Human trafficking and modern day slavery includes the threat or use of force, coercion, deception and abuse of power to control another person, for the purpose of exploitation.

Exploitation can include:

  • sexual exploitation for example, forcing someone to have sex for money
  • forced labour for example, forcing someone to work long hours, in hard conditions, and to hand over most if not all of their wages
  • domestic servitude for example, forcing someone to perform household tasks such as child care, and house-keeping over long hours, and for little if any pay
  • trafficking people in order to use their internal organs for transplant without their permission

Both adults and children can be trafficked, and they can come to the UK from other countries or they can be moved within a country, for example from Manchester or the Valleys to Cardiff.

Human trafficking is the movement of people by means such as force, fraud, coercion or deception, with the aim of exploiting them. It is a form of modern slavery.

Trafficking involves the transportation of people in the UK in order to exploit them by the use of force, violence, deception, intimidation or coercion. This exploitation includes commercial, sexual and bonded labour. Trafficked people have little choice in what happens to them and often suffer abuse due to violence and threats made against them or their families. In effect, they become commodities owned by traffickers, used for profit.

These three elements all form part of trafficking:

  • The act: recruiting, transportation, transfer, harbouring or receipt of persons
  • The means: force, fraud, coercion, deception
  • The purpose: exploitation

Human trafficking is a crime. It does not always involve international transportation. Victims include those transported around the UK into exploitative situations, those born into servitude, or those who escape a trafficker before being exploited. It also includes anyone who once consented to work for a trafficker or slave master or participated in a crime as a direct result of being enslaved.

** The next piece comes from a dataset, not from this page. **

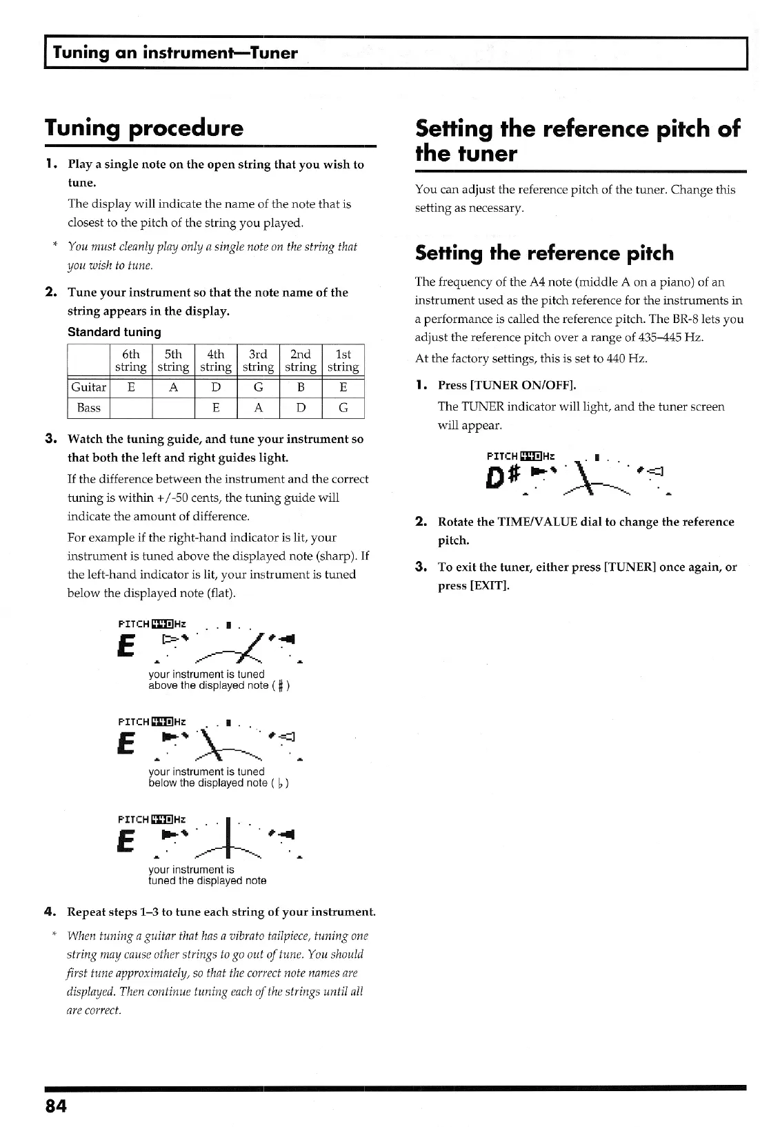Boss BR-8 - Tuning Procedure; Setting the Reference Pitch of the Tuner

    • Sexual exploitation - this includes but is not limited to sexual exploitation and sexual abuse, forced prostitution and the abuse of children for the production of child abuse images/videos. In 2016, 25% of all reported potential trafficking victims in the UK were victims of sexual exploitation.
    • Domestic servitude - this involves a victim being forced to work in usually private households, usually performing domestic chores and childcare duties. Their freedom may be restricted and they may work long hours often for little or no pay, often sleeping where they work.
    • Forced labour - victims are forced to work long hours for little or no pay in poor conditions under verbal or physical threats of violence to them or their families. It occurs in various industries including construction, manufacturing, laying driveways, hospitality, food packaging, agriculture, maritime and beauty (nail bars). Often victims are housed together in one dwelling. In 2016, 84% of all reported forced labour victims were male.
    • Criminal exploitation - the exploitation of a person to commit a crime, such as pick-pocketing, shop-lifting, cannabis cultivation, drug trafficking and other similar activities that are subject to penalties and imply financial gain for the trafficker. The most prevalent subtype of labour exploitation reported is within the block paving and tarmacking industry.
    • Other forms of exploitation – organ removal; forced begging; forced benefit fraud; forced marriage and illegal adoption.